For Part B now, how do we calculate the net work once the force is known? Now we want to figure out this net work here. How do we do that? Well, if we're taking the right path, once we figure out the net force, how do we get from force to work? We've already seen that. Work is always equal to Fd cosine θ. So, if W equals Fd cosine θ, then Wnet, the net work, is really just the net force times d cosine θ. That's what we're going to use. This Wnet here is just going to be the net force that we just calculated times the displacement times cosine θ. We have all those numbers here. Our net force is 8. Our displacement is 10, and then we have the cosine of 0 because those things are parallel. What you'll get here is 80 joules as well. We get 80 joules, and notice how we basically just got the same exact number as we did when we solved this problem using the first method, right, which kept involving all the works done, and that should be no surprise. We started off from the same forces, so we should get the same net work.

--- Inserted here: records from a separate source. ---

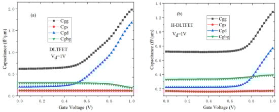 The gate capacitance (Cgg) is an important indicator for evaluating the frequency characteristics []. Figure 10a,b respectively show the C-V characteristics of DLTFET and H-DLTFET at the operating frequency f = 1 MHz. The Cgg mainly includes the gate-drain capacitance (Cgd), gate-source capacitance (Cgs) and gate-back gate capacitance (Cgbg) []. It can be seen from Figure 10 that the Cgd increases exponentially with the gate voltage increases. The reason is that the tunneling barrier width decreases when the gate voltage increases, and the inversion layer extending from drain region to source region can be formed. The Cgs is mainly composed of parasitic capacitance, and the order of magnitude is small relative to the Cgd under the inversion layer, which is weakly affected by the bias voltage. Therefore, the Cgg is mainly determined by the Cgd at the high gate voltage. Almost all electrons of H-DLTFET can be collected by the drain region immediately, and the channel electron concentration is lower, which would result in the smaller Cgg and Cgd. It can be seen from Figure 10 that the Cgg and Cgd of H-DLTFET respectively decrease from 1.98 fF/μm and 1.68 fF/μm to 1.28 fF/μm and 0.77 fF/μm compared with the conventional DLTFET, so the H-DLTFET has the better frequency characteristics.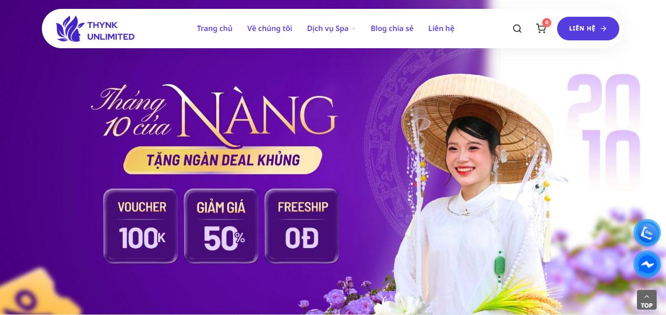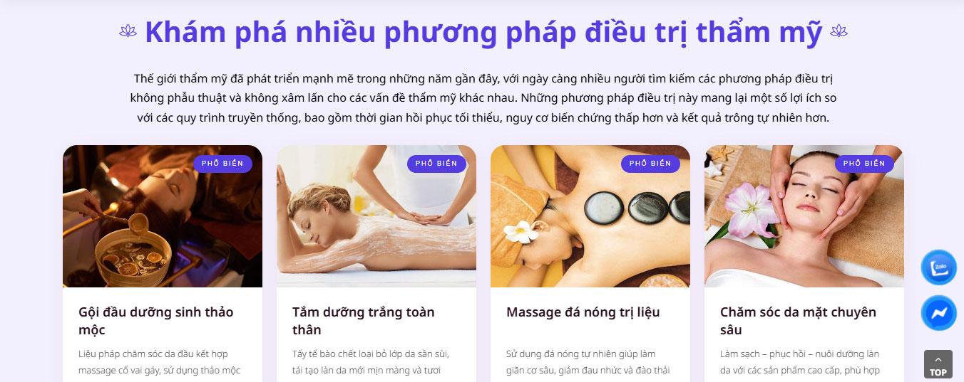 Giao diện website sử dụng tông màu tím kết hợp cùng nền trắng thanh lịch, tạo nên một không gian trực quan đậm chất "Wellness" và sự thư thái. Banner đầu trang nổi bật với hình ảnh người mẫu đang tận hưởng liệu trình spa cùng thông điệp "Beauty Clinic For You", khẳng định vị thế là điểm đến lý tưởng để tái tạo năng lượng ngay khi khách hàng truy cập.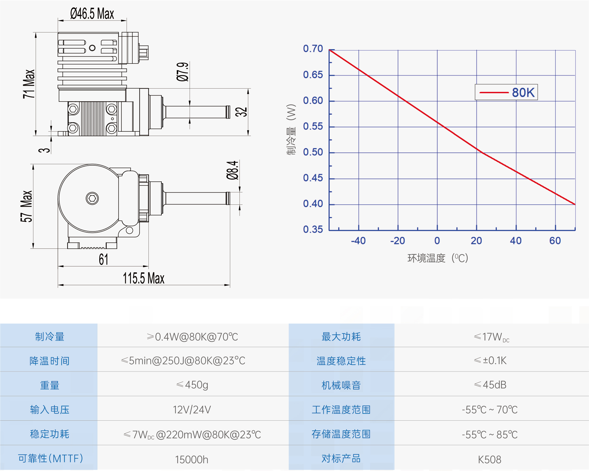H108集成整體式制冷機(jī)是按照集成式杜瓦/制冷組件(IDCA)概念設(shè)計,控制器集成于制冷機(jī)電機(jī)內(nèi)部。具有機(jī)械振動小、噪音低和15000小時以上的高可靠性等特點。已實現(xiàn)年批量500套的生產(chǎn)能力,可用于地面、機(jī)載等多種系統(tǒng),是中等規(guī)模焦平面探測器組件的優(yōu)選制冷機(jī)。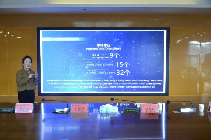 座谈会上,王蓓蓓女士详细介绍了西那瓦国际大学的建校背景、办学资质、校园环境、游学方案、学科专业、国际合作等方面的情况。分享了西那瓦国际大学在国际化教育方面的经验和优势,希望与beat365vip官网登录入口建立友好关系,拓宽教育合作渠道,表达了与学校开展实质性教育合作交流的期待。王蓓蓓女士对beat365vip官网登录入口的特色学科建设和人才培养方面取得的成绩给予了高度评价。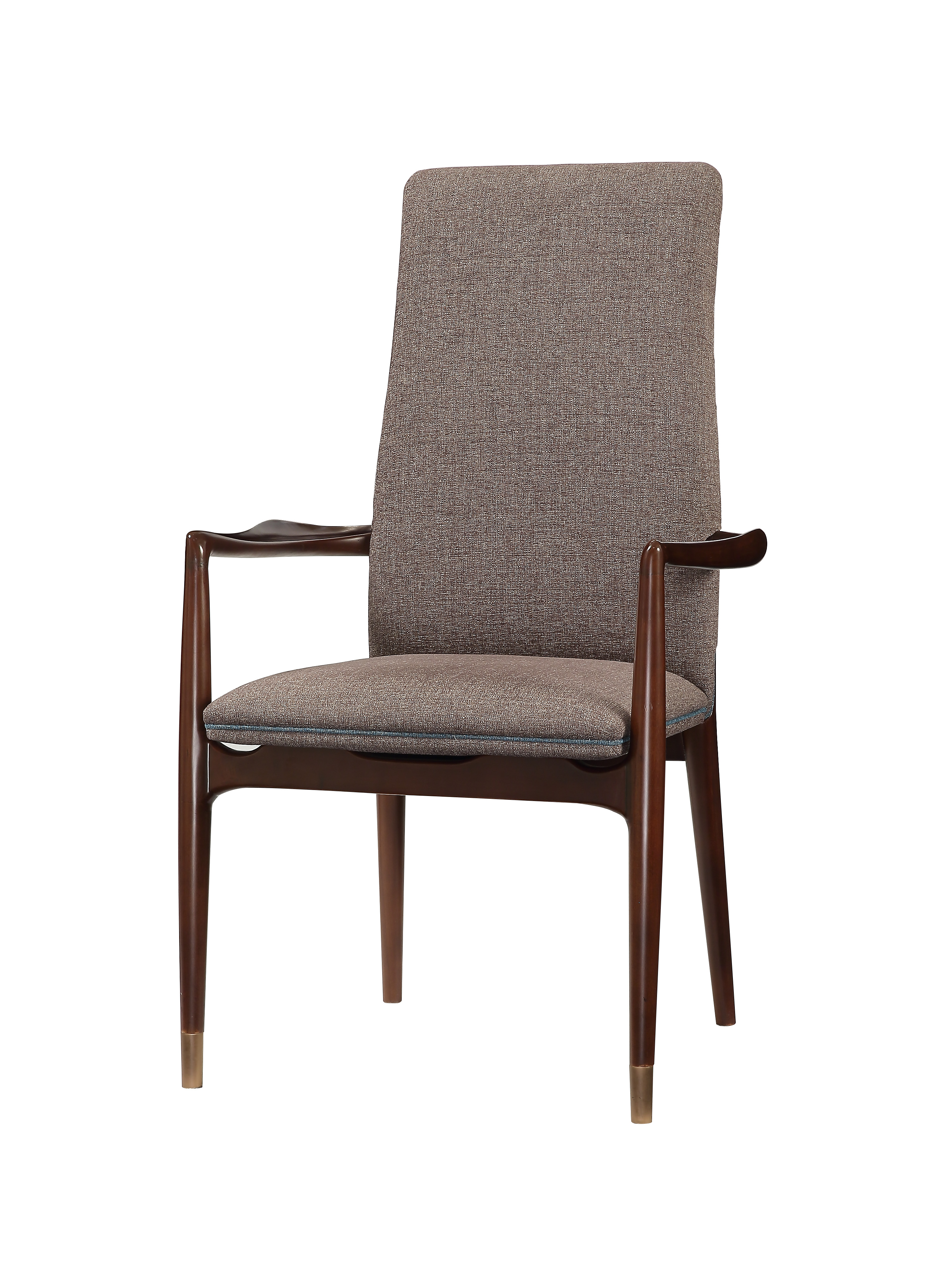 布包饰工艺,由经验丰富的技师手工独立完成,确保美观、耐用又符合人体工程学;铜脚,赋予中式韵味的同时以防磨损。圈椅的影子投射在这把写字椅上,简练的线条呈现中国文化的精深。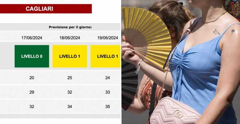CAGLIARI. Il Ministero della Salute ha diramato un'allerta di livello 1 secondo il sistema di allarme per la prevenzione degli effetti delle ondate di calore sulla salute, per le giornate di martedì 18 e mercoledì 19 giugno 2024 a Cagliari.

Let me kind of make sense of this here using this diagram. If you think about it, when you do these two paths when you go to the left or right, you're really just doing the same operation but kind of just in reverse order. What I mean by that is when you take the left path, you're doing Fd cosine θ a bunch of times, and then in the second step, you're going to add them all up to each other. When you take the right path, you're doing all the adding stuff first. You're adding up all the forces, and in the second step, you're using Fd cosine θ. You can see here that these two steps are basically the same, and you're just doing them in reverse order. I have one last point to mention here, which is that some problems will actually give you forces and ask you for the net work, but they won't actually guide you either to the left or the right. They won't first ask you to calculate a bunch of works or they won't ask you to calculate the net force. In those situations, all you have to do is just pick one of the paths and stick to it. Either one of those will get you the right answer. Personal preference of mine is actually doing out all the adding forces first, figure out the net force, and then you just use Fd cosine θ. That's just my preference. Either one of those will get you the right answer. So that's it for this one, guys. Hopefully, that made sense. Let me know if you have any questions.